TRY IT ▸ Please go through the listing below and count the lines where the string "ملاک" appears. Answer with the number only.

DATASET SECTION ▸
*****

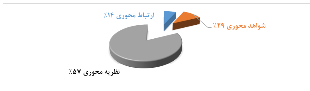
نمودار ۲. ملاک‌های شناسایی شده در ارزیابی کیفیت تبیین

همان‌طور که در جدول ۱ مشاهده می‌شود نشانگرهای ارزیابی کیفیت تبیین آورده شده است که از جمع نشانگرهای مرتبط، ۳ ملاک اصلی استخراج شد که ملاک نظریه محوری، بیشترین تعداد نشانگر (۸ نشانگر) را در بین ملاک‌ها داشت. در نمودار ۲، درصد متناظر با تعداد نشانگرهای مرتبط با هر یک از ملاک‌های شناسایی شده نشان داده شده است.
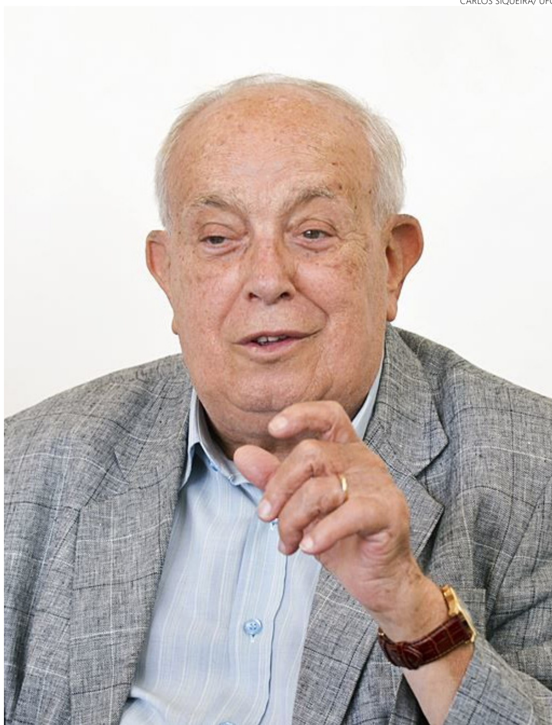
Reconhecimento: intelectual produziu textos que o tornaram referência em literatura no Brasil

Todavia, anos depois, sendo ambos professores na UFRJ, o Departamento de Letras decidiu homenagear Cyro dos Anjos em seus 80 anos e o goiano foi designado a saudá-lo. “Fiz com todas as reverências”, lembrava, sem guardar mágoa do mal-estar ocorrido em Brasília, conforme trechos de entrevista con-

*****

SOLUTION TO THIS TASK ▸ 2